====== DATASET RECORDS
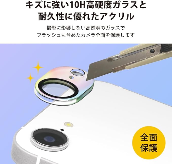 カメラ周りを鮮やかに彩るオーロラデザインのiPhone16e 用 カメラフルプロテクター
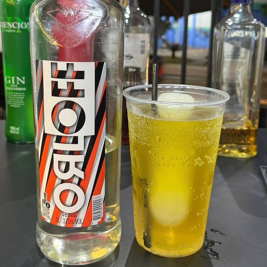 Vodka Orloff + energético + gelo saborizado.
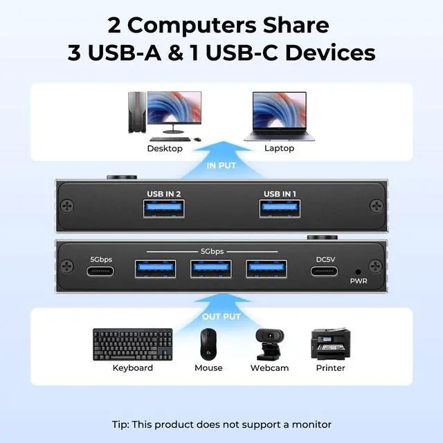 USB Switch 2 Computers: DUOPURUI 2-in-4-out USB switcher supports switching 2 computers sharing 4 USB devices (such as keyboards, mouse, printers, headphones, hard disk and Webcam). Switch between office computers and personal computers using a single set of keyboard and mouse. No need to manually plug and unplug your USB devices each time (Note: This is a pure USB switch, and does not support video transmission or monitor switching)
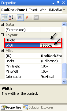 In the properties pane for the RadDockZone control, set the Height property to an empty string and the width property to "150px":
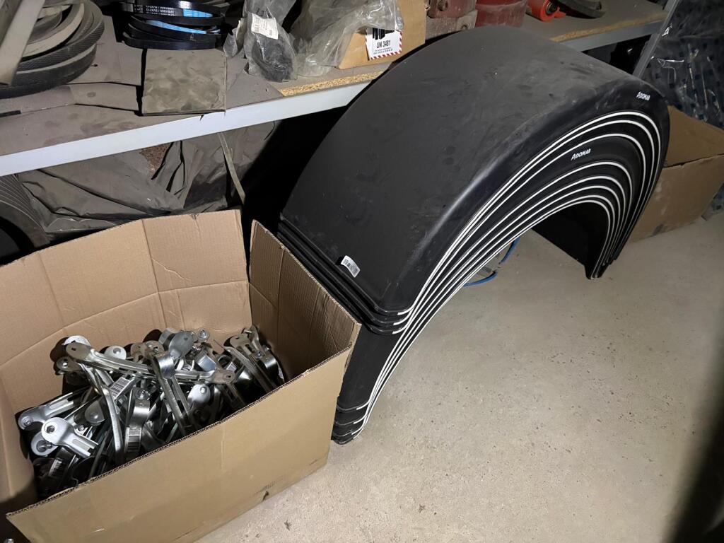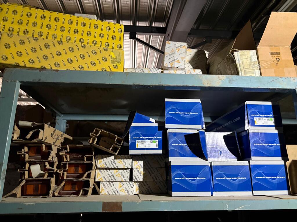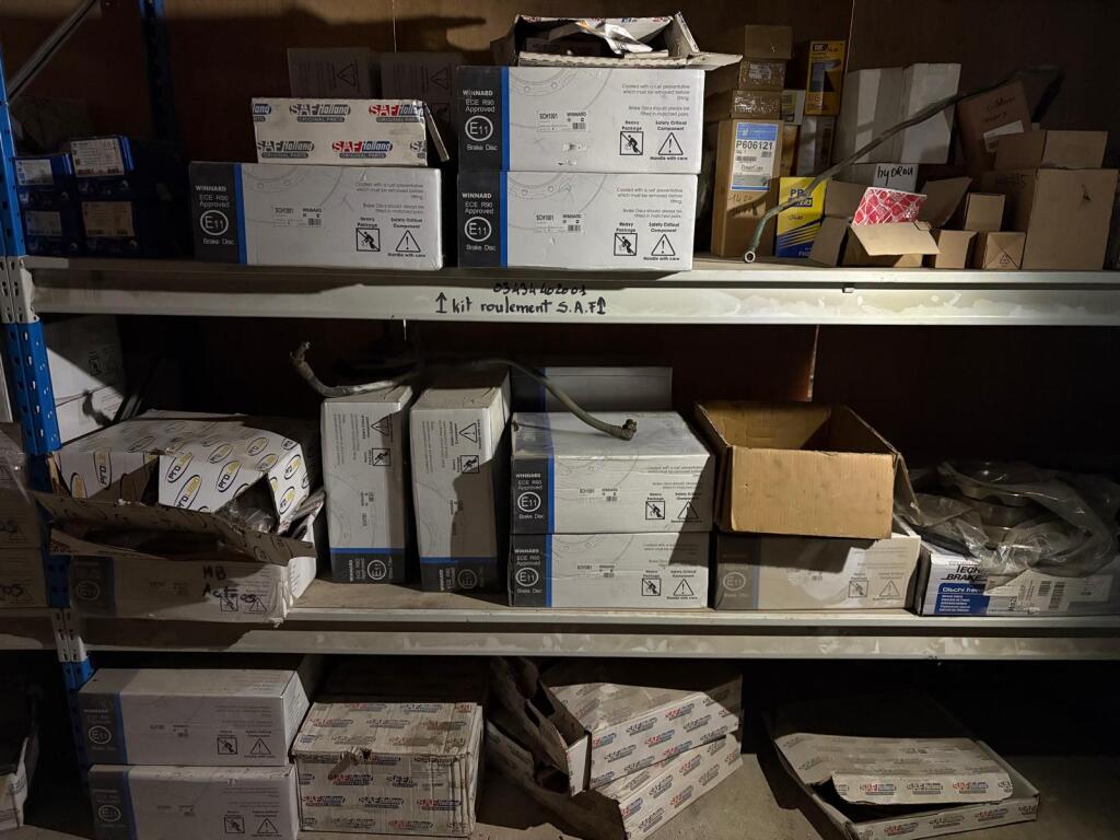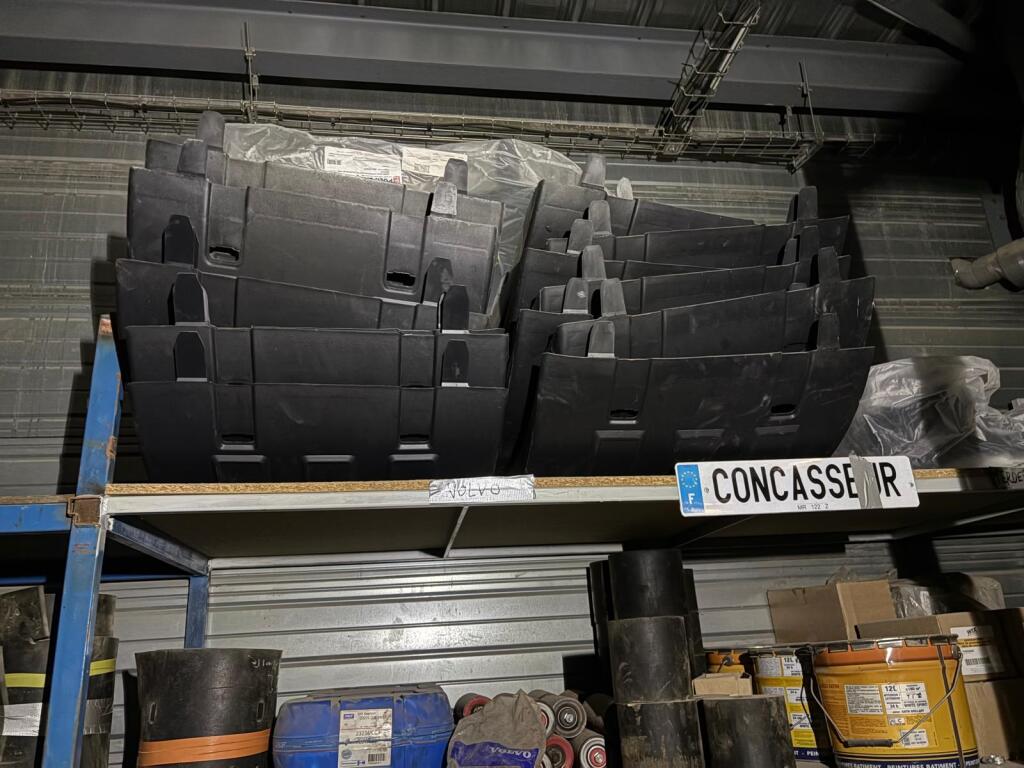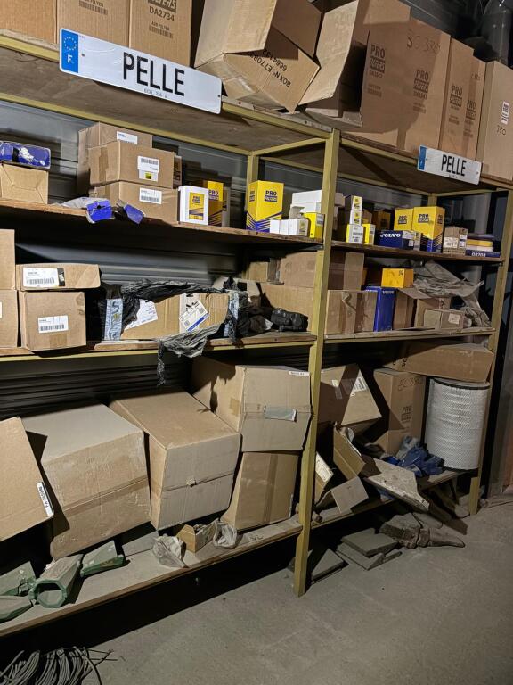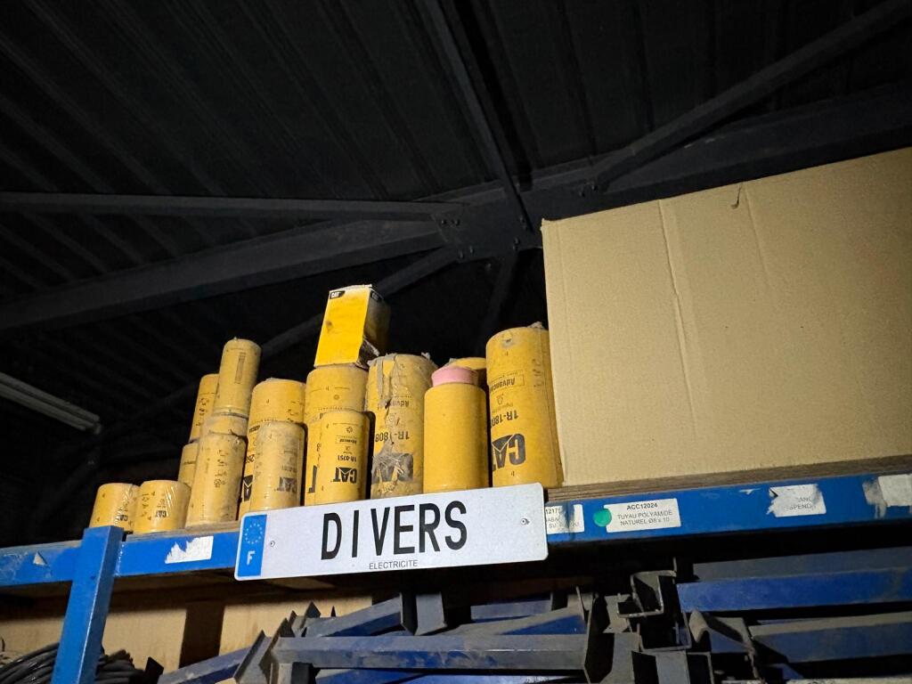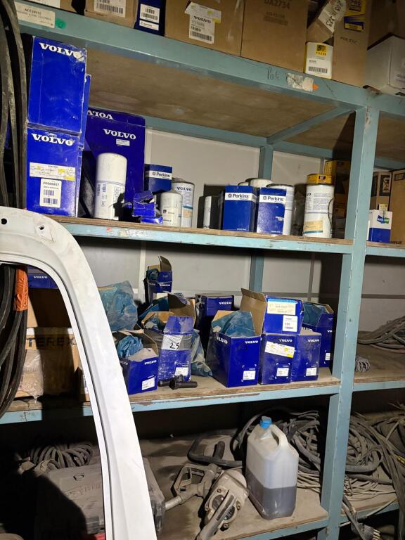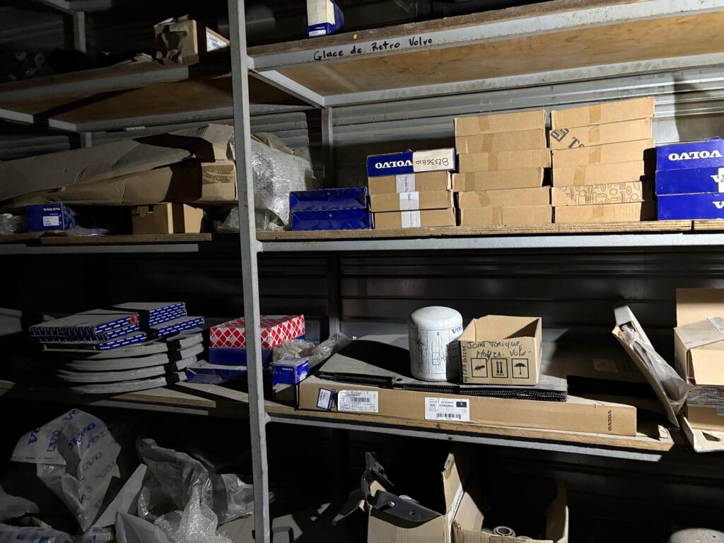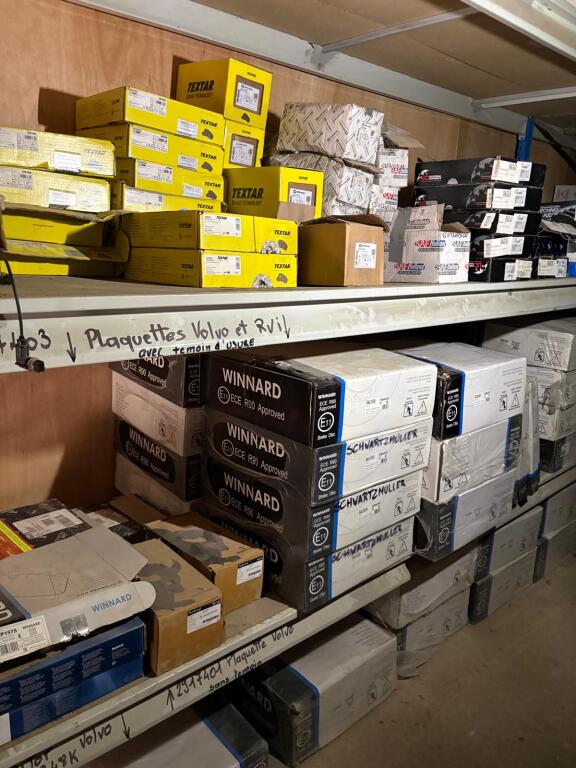 Fort lot de pièces détachées PL dont feux neufs, filtres diverses marques, disques de freins, filtres à air pour pelles, boulonnerie pour les godets, arceaux de bâches, nombreux garde boues et supports, 7 moteurs électriques neufs et autres joints de porte, courroies, glaces de rétroviseur VOLVO optiques, rétroviseurs, galets de malaxeur à béton, lot de caissons d'air, tricstop, fort lot de filtres divers à air, gasoil et hydraulique, plaquettes de freins VOLVO Mercedes, disques, pièces de carrosserie diverses, jantes, silent bloc et petit lot de filtres, plaquette et divers consommations d'entretien de VL, bobines pour soudure et divers
============
_WHAT THE TASK ASKS_
The lines to copy begin at the one containing "In the properties" and end at the last line of the records. Set down exactly those lines and no others, both ends included, and omit all pictures.

_RESULT_
 In the properties pane for the RadDockZone control, set the Height property to an empty string and the width property to "150px":
 Fort lot de pièces détachées PL dont feux neufs, filtres diverses marques, disques de freins, filtres à air pour pelles, boulonnerie pour les godets, arceaux de bâches, nombreux garde boues et supports, 7 moteurs électriques neufs et autres joints de porte, courroies, glaces de rétroviseur VOLVO optiques, rétroviseurs, galets de malaxeur à béton, lot de caissons d'air, tricstop, fort lot de filtres divers à air, gasoil et hydraulique, plaquettes de freins VOLVO Mercedes, disques, pièces de carrosserie diverses, jantes, silent bloc et petit lot de filtres, plaquette et divers consommations d'entretien de VL, bobines pour soudure et divers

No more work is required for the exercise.